Personal growth is not linear
Uncategorized“A real sign of progress is when we no longer punish ourselves for our imperfections” ~Yung Pueblo
As I move forward in 2020, just like many others, I am reflecting on my past year. I have had so many growth spurts…and I call them spurts because they were painful…and the outcome was, and still is, absolutely beautiful. In the beginning of the year, I was at a job that I helped build from the ground up. I was so proud of the work I was able to accomplish there. And I was absolutely exhausted. I worked around the clock 7 days a week. I was sleeping about three to five hours a night. I had come to the realization that I just could not do it anymore. I felt like a failure. There was a lot of crying at home, at work (luckily in the privacy of my office), and at therapy. There was a lot of anger towards myself and at times it turned outward. After A LOT of fighting against my intuiting, I was completely resigned to the fact that when it was my time to move on, the opportunity would present itself, and in the meantime, I would do the absolute best I could every day…granted sometimes my best would be 20%..it was still my best for the day.

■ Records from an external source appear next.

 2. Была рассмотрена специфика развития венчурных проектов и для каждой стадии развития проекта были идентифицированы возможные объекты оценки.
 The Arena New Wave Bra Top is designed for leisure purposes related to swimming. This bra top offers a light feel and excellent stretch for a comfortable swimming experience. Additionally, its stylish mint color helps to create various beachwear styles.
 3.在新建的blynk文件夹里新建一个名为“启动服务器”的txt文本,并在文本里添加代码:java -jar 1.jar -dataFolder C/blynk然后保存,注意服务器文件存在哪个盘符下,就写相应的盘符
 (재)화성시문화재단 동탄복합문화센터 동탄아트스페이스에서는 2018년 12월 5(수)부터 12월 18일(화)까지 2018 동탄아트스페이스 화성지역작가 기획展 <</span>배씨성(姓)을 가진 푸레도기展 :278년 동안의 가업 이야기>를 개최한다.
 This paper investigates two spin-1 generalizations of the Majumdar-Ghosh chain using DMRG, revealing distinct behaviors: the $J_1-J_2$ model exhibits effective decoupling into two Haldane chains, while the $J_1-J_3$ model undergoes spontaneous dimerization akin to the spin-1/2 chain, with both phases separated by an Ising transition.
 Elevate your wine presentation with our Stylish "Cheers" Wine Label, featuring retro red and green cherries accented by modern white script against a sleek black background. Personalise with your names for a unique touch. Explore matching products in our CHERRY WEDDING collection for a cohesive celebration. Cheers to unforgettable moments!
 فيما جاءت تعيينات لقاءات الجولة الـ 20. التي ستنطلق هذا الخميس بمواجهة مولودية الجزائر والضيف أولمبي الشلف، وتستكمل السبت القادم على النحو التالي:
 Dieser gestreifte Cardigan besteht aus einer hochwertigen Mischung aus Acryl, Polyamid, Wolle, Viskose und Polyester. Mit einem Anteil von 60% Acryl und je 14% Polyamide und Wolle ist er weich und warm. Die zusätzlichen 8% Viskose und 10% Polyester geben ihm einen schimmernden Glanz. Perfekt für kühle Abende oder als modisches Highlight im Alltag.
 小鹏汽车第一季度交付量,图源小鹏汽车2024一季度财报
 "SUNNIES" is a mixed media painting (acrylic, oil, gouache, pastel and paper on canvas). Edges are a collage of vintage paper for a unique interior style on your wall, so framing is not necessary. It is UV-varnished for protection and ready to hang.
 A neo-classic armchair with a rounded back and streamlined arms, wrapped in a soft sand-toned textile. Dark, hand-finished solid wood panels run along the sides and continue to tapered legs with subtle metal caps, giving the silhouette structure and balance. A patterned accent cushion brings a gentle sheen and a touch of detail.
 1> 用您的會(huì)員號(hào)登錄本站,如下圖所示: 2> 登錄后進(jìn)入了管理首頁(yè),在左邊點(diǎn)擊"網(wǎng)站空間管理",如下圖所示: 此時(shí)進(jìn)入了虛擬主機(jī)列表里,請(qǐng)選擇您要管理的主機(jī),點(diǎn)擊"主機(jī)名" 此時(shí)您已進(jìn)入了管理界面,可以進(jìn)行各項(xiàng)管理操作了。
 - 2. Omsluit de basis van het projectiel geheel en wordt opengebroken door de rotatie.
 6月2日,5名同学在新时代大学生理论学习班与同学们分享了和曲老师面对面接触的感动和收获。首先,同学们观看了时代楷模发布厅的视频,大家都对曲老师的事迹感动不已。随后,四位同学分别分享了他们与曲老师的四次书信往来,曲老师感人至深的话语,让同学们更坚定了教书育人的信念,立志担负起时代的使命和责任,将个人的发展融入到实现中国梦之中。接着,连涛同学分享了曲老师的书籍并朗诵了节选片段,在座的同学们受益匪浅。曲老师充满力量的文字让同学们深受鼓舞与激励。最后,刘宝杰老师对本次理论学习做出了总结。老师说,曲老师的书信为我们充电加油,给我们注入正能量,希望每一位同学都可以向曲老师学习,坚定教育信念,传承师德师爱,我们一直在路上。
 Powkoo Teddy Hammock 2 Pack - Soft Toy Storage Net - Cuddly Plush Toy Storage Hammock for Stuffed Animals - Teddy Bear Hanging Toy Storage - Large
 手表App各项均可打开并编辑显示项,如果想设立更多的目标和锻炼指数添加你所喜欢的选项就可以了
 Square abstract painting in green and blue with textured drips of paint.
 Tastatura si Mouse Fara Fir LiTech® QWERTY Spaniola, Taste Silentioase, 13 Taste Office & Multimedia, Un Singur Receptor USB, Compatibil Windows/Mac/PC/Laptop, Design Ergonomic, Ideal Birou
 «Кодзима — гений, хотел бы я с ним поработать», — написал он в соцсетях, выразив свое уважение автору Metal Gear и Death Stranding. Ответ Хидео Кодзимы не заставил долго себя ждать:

In April, a new opportunity presented itself. It was at just the right time too. I was preparing to go to Florida with the kids for Spring break. I had the week at the beach to contemplate my current situation and make a decision to move in yet another direction…the third one in four years. After I quelled my fears about the change, I was able to turn inward, as well as outward to the universe, and know that it was the right move for me at the exact right time. The universe always has my back like that. I just have to remember to trust it.
With this new job came a lot of extra time…even with the 1 1/2-2 hour commute. And the universe was correct in its placement and timing…exactly what I needed at the time I needed it. As the chaos of my last job died and the extra time with this new job settled in, I honestly did not know how to handle it. I was always used to going full speed ahead. Always have a distraction from my inner thoughts, hurts and pains. I am so grateful for my friends that sat with me while I cried in the middle of the floor…literally (mad props Katie and Amanda). Thankfully, I was still in therapy with an amazing woman that I found while at my last job. She helped me settle into myself. Allow the quiet. Allow the sadness. She sat with me. Allowed me to cry. Invited my anger. And helped me harness my strength, love, compassion and beauty. I am so grateful for her and I aspire to be her when I grow up.
July 2019 was going to my time to develop a healthy relationship with my body and food. I reached out to my friend Chris Belin, who also happens to be a health coach. I kept seeing her posts about her own journey into health and vitality. She set me on my journey. Set me up for success. Offered me encouragement along my process. The first month, I was on fire, like many often are. I was feeling great. I was eating healthy. I was having fun while making delicious whole 30 dinners. My energy was amazing. Then life happened. My dad fell sick and passed away in August. Needless to say, my health became the last thing I was concerned with. I could barely deal with my emotions. I fell into grief. I fell into fix it mode for others. I fell into my workaholic mode. Somedays, it was all could do to pull myself out of bed to face the world while in so much pain. I would not let others know. I cried alone other than the two times I allowed myself to cry in my husband’s arms. September, we were able to celebrate my sisters wedding. It was beautiful, and really tough with our dad just passing one month earlier to the exact day of the wedding. My sister was elegant and poised, just as she always is. And her husband was stoic and handsome, just as he always is. After the wedding, we all allowed ourselves to fall apart.
Then was the whirlwind of all the holidays, which was a mixture of joy and sadness. Joy to watch the kids get excited. The decorating. They laughter. The candy. The visits from my mom. The toys. The time with friends. Sadness because….well…our dad is gone. The last three months of this year was about loving myself, being present, reconnecting with my dreams and becoming more intentional.
My lessons in 2019:
- I am more resilient than I thought
- I am a beautiful soul, just like everyone else in this world
- I am the ‘perfect’ wife and mother for my husband and my children
- I am right where I am supposed to be, in every moment, every second
- My growth is not linear. Compassion and growth need to go hand in hand.
Today, I encourage you to reflect on the lessons you have learned throughout your 2019. Here are a few prompts:
- What were the moments that you thought were going to tear you down and break you?….remember, you made it through them…you are still standing….you are amazing.
- What lessons did you allow yourself to learn from those moments?
- Who was by your side, cheering you on when you were thriving?
- Who held you tight, or simply sat with you, when you were in your pain and suffering?
- Which experiences pushed you to personal growth and challenged you?
Now send gratitude to all of those experiences, situations, and people. And now love on yourself a little bit more because you got back up and keep getting up. Be open to experiences. Be open to what the universe is telling you. And LOVE yourself through every moment, every turn, and every imperfection.